The invention provides a robust connection interface for surface mount technology (SMT) contacts used in the manufacture of electronic devices that have high area densities or high wear environments, and that accommodates contact surface irregularities without significant wear to the either contact surface.
In SMT contacts, connector components are applied directly to the surface of a circuit board. The components are secured at specified locations on the circuit board by solder pads that are placed on the circuit board in a suitable process, such as by printing the pads on the board forming a printed circuit board (PCB). The solder pads are then heated and the various components are placed onto the solder pads to be secured to the PCB by the cooling solder pads bonding the components to the PCB.
In the manufacture of the PCBs, to provide electrical connection to external or peripheral components various SMT style connectors are used, including but not limited to: Land Grid Arrays (LGAs), Ball Grid Arrays (BGAs), Pin Grid Arrays (PGAs), Flexible Flat Cable (FPC) connectors, and Pogo™ contacts. These connectors or components are usually soldered to one side of the circuit board and require a mating connector affixed to the external component.
In one prior art embodiment, as illustrated in FIG. 1, the component secured to the PCB 10 is a connector 18 used to interconnect the PCB 10 with another PCB or with a cable/flex circuit 20 having a complementary connector 26 thereon that is operably connected to another part of the device. These connectors 18,26 each include a body with complementary connecting structures thereon, as well as tabs 14 utilized to connect the connector body 18,26 to the associated PCB 10,20 using the solder pads 12. The connecting structures 16,24 can take various forms, such as POGO pins and rigid metal contacts, or the tubular mating sockets configured to receive the pins or rigid metal contacts, which in FIG. 1—are tensioned, U-channels or sockets of metal, 16 and rigid, U-shaped tabs, 24. The pins, contacts, e.g., a bed-of-nails contact array, or other connectors 24 are pressed into engagement with a suitably formed mating connector, such that an electric connection can be formed between the pin or contact 24 and socket 16 of the mating connector. To facilitate the connection between the contact 24 and the socket 16, the contact and/or the socket, of whatever form, often include a electrical connection-enhancing surface coating on the exterior of the contact(s) 24 and/or socket(s) 16.
One significant drawback with regard to these connectors is that the materials utilized to form the contacts are normally formed of a rigid material in order to facilitate the conductivity or electrical connections between the contacts and the other PCB or device with which the contacts are engaged.

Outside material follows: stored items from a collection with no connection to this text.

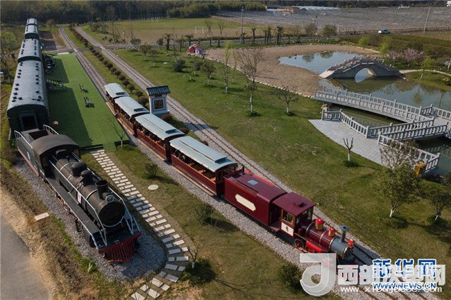 游客乘坐觀光小火車從浙江省安吉縣魯家村的休閑驛站邊駛過(3月23日無人機(jī)拍攝)。
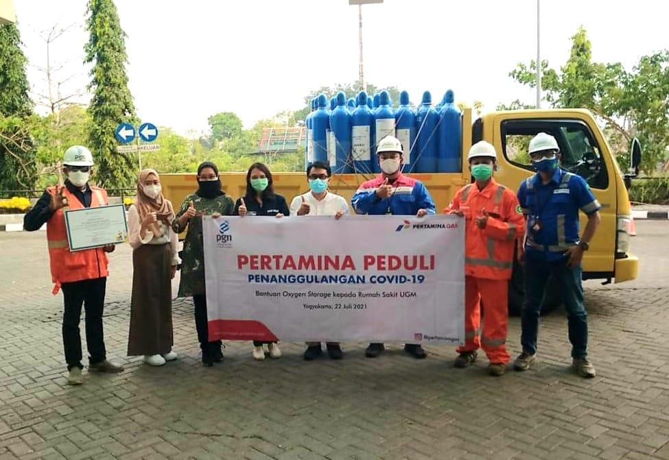 YOGYAKARTA - Subholding Gas Grup sebagai bagian dari Holding Migas PT Pertamina (Persero) bersinergi dalam menyerahkan bantuan oksigen sebanyak 50 tabung berukuran 6 M³ ke Rumah Sakit UGM Yogyakarta, (22/07/2021). Melalui program Pertamina Peduli, bantuan oksigen diserahkan dalam rangka memenuhi tingginya kebutuhan oksigen medis di tengah lonjakan kasus COVID-19 di Yogyakarta.
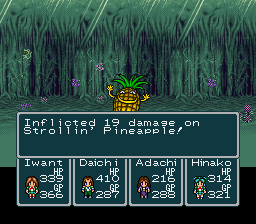 That’s what makes this game interesting. While the gameplay is relatively poor, the developers went to great lengths to make the adventure feels like it was straight out of a school-themed anime à la School Rumble or Azumanga Daioh, with an off-the-wall plot packed with funny dialogues and absurd one-liners. The whole universe is completely unique yet thoroughly coherent. To the obvious anime frenzy such as girls in tight gym outfit and the cultural festival with its traditional attractions, the scenario writers added a lot of purely original wackiness, like the three student militias constantly clashing to impose their own order, a failed school trip that ends up on an hostile desert island, and even seven mysterious “Wonders” of Hourai to uncover as a sidequest. It’s true the game isn’t a technical achievement, though, even by 1996 standards. The visuals are pretty archaic, even if the extraordinarily detailed battle sprites kinda make it up for it. The soundtrack is pretty cool, too. It was composed by Hitoshi Sakimoto (of Ogre Battle and Final Fantasy Tactics fame) and fits the game really well, especially that techno boss battle theme. You will have no problem enjoying the world of Hourai to its full extent.
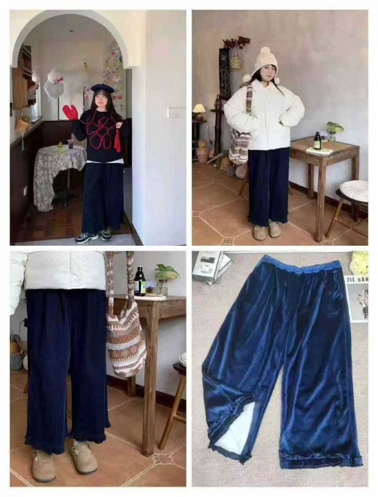 [福]日系宽松慵懒黄金绒阔腿文艺木耳边休闲裤200条左...
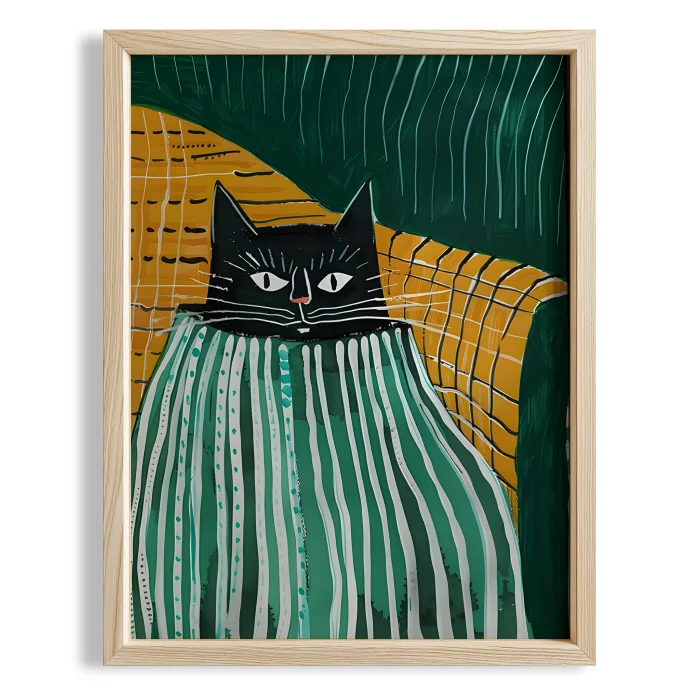 Product: Cat Portrait Ii - Striped Sweater Wooden Framed Print
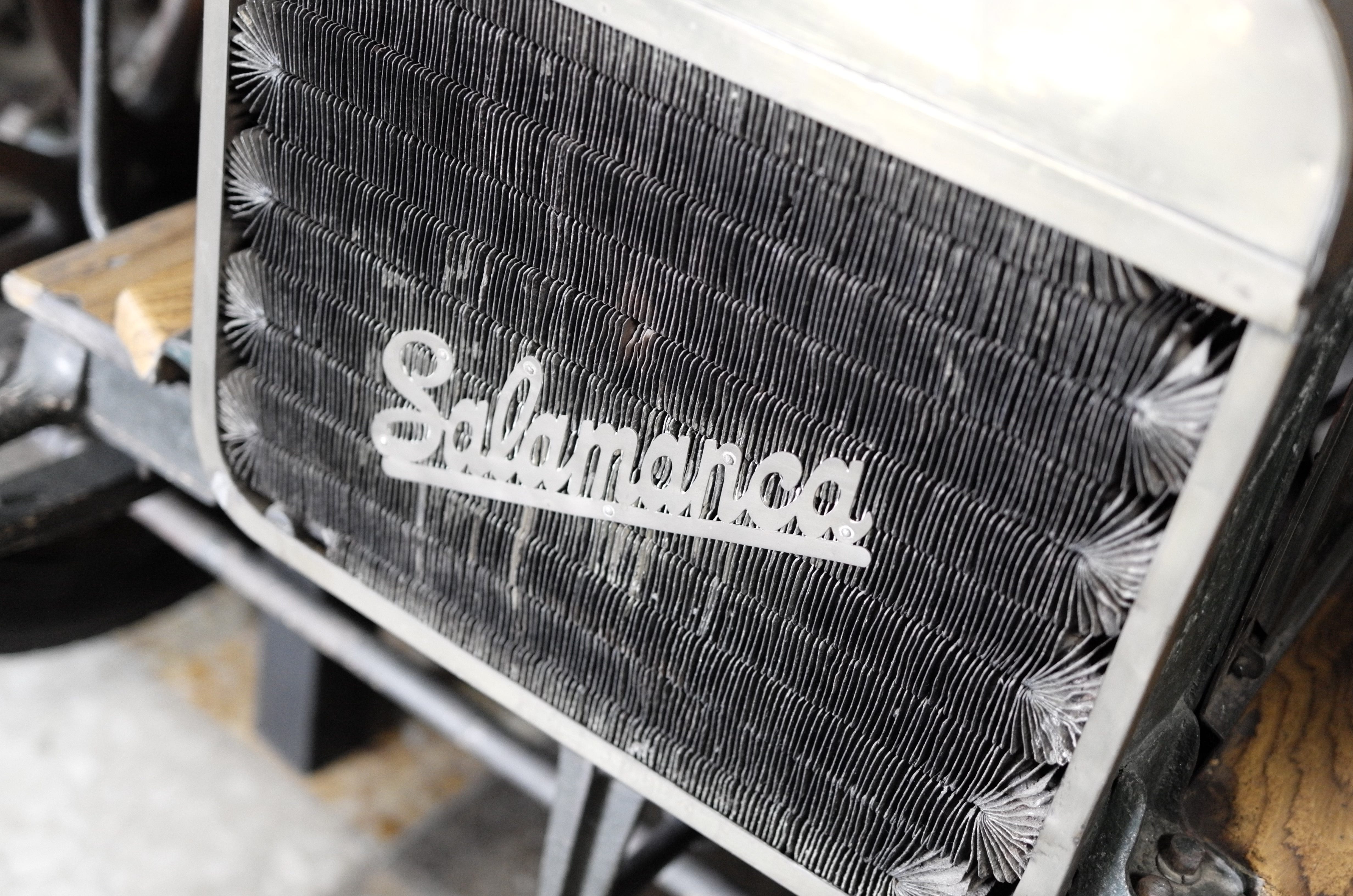 Unlike most cars of the period, this Salamanca featured a chassis made entirely of wood, as were its fenders. The front axle was forged steel, and the wheel bearings were bronze, not ball bearings—a reflection of early automotive simplicity and durability. The gas pedal could be operated both by foot and by hand, with a clever locking mechanism that required the use of the clutch to disengage it. Even at this early stage, attention to driver comfort and control was evident.
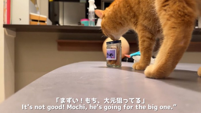 もちくんは気にすることなく、今度はくさやの入った瓶を狙いに。もちろん止められてしまいましたが、くさやのなにがそこまでもちくんを魅了するのでしょうか。
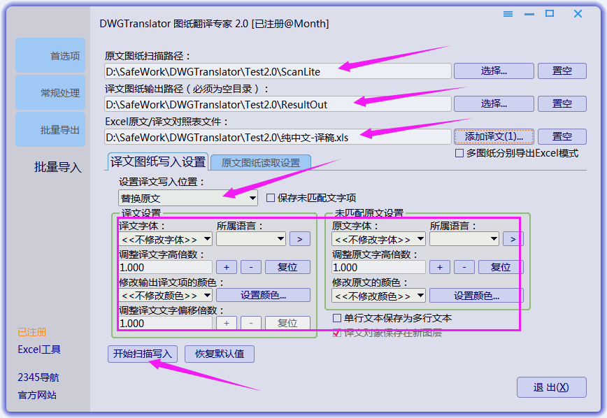 DwgTranslator软件能直接通过网络获取翻译结果,支持全球所有语种(原文或译文),能根据过滤条件导入导出到Excel文件以提供给译员执行更为精确的翻译,支持对译文结果的字体字高修改,支持原文译文对照输出。
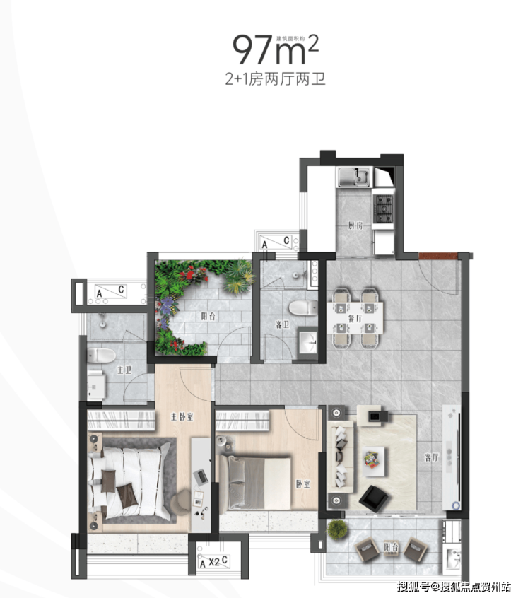 建面约97㎡,2+1房设计,空间宽敞舒适,三开间朝南,南向看园林,一家三口理想居所。
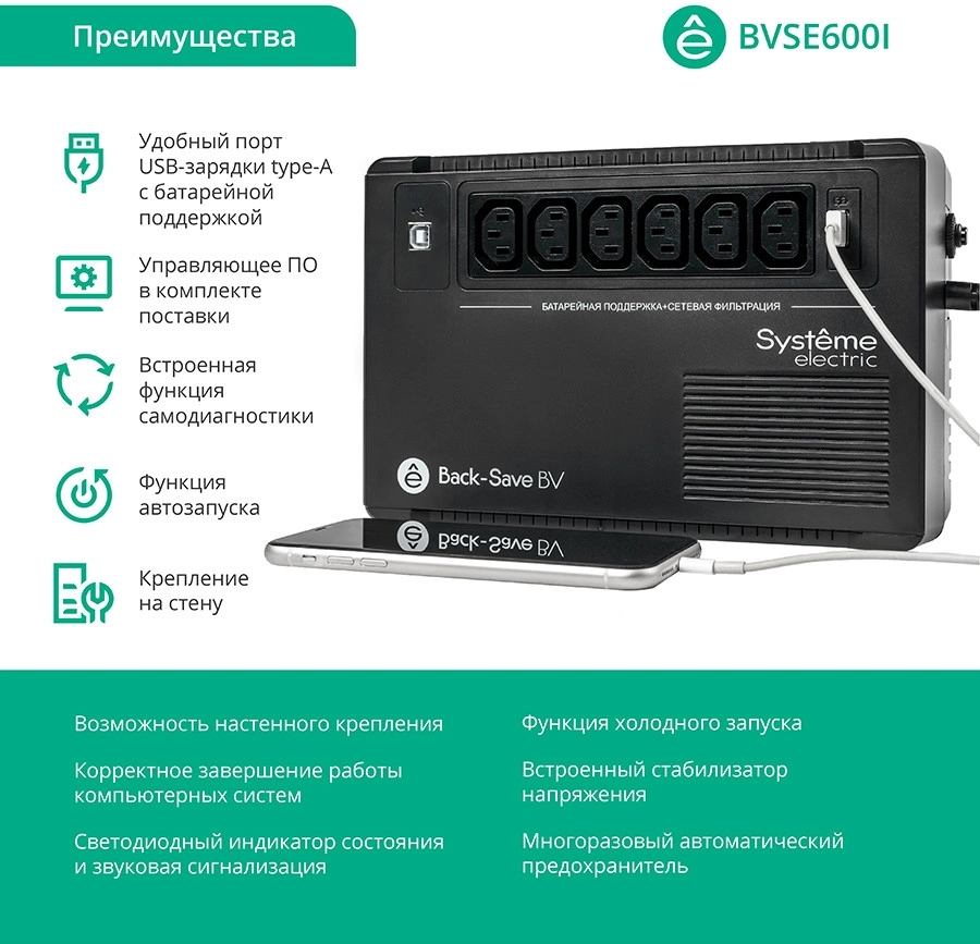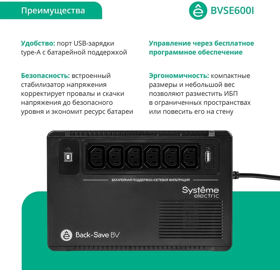 Источник бесперебойного питания Systeme Electriс BV BVSE600I 360Вт 600ВА черный

As a result, the contacts are formed with various surface irregularities that, when subjected to repeated connect/disconnect cycles, can damage the materials forming the contacts themselves or the contact that is pressed into engagement with the contact containing the surface irregularity. Also, if an excessive or shear force is inadvertently exerted to engage the connectors with one another, it is possible to permanently deform and/or damage the shape of the contacts and/or the coatings on the contacts, thereby degrading the connection between the contacts and other contacts that may be subsequently engaged with the damaged contacts.
Further, even without significant damage to the structure of either contact surface, surface irregularities can cause the interface to be unstable or not possible without exerting additional, potentially destructive force to the contacts already engaged.
Additionally, as with all surface mount devices employing rigid electrical traces, bending or flexing due to thermal expansion, pressure or vibration can cause solder and metal trace materials to fracture, irreparably damaging the contact; which in the case of many connection styles will require full replacement of the connector.
Accordingly, it is desirable to develop an electrical contact structure for use in SMT applications and in the devices constructed thereby that can successfully accommodate structural irregularities on other contact structures to minimize potential damage to the various contact structures and to maximize the electrical connections formed between the contacts.